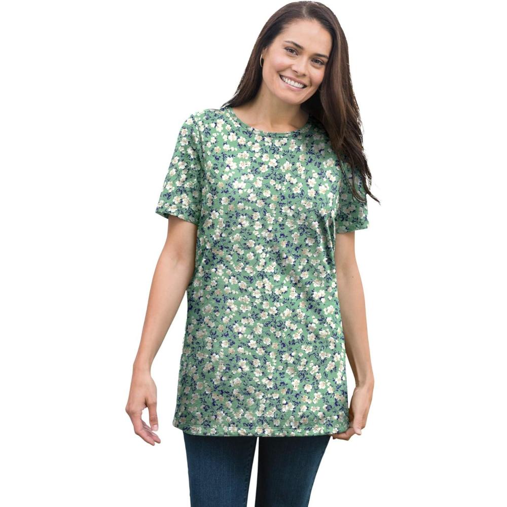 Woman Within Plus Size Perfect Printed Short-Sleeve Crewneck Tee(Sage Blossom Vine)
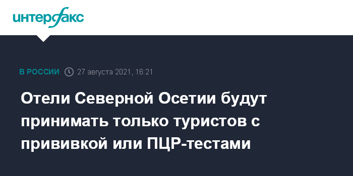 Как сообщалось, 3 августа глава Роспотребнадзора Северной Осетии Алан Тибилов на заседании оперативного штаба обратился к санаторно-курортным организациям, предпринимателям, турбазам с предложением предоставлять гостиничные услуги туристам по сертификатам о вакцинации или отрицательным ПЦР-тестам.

........

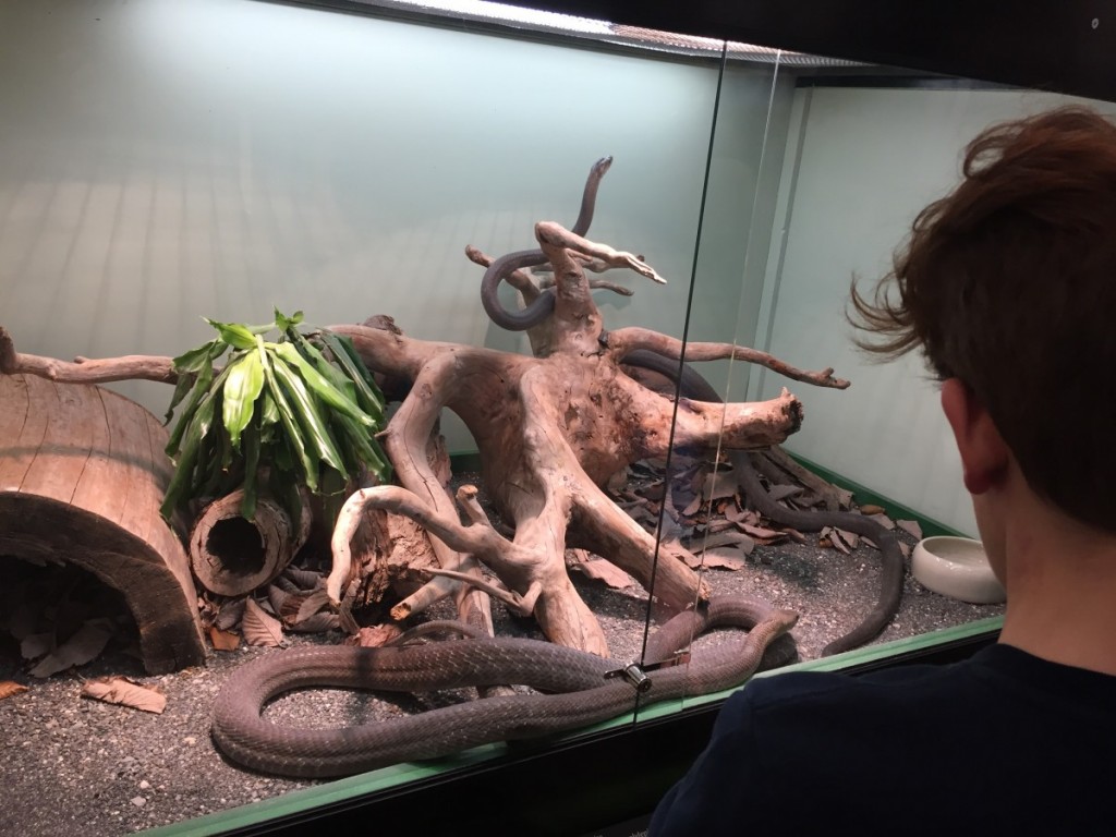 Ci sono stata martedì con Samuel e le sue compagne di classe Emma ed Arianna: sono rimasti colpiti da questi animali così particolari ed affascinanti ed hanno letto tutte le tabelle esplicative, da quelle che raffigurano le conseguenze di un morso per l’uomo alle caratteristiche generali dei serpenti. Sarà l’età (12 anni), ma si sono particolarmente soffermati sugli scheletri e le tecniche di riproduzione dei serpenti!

........

* _Instructions to follow_
Above are records; write out the lines from the one with "Woman Within Plus" down to the one with "Как сообщалось, 3", exactly, leaving the pictures out.

* _Finished exercise_
 Woman Within Plus Size Perfect Printed Short-Sleeve Crewneck Tee(Sage Blossom Vine)
 Как сообщалось, 3 августа глава Роспотребнадзора Северной Осетии Алан Тибилов на заседании оперативного штаба обратился к санаторно-курортным организациям, предпринимателям, турбазам с предложением предоставлять гостиничные услуги туристам по сертификатам о вакцинации или отрицательным ПЦР-тестам.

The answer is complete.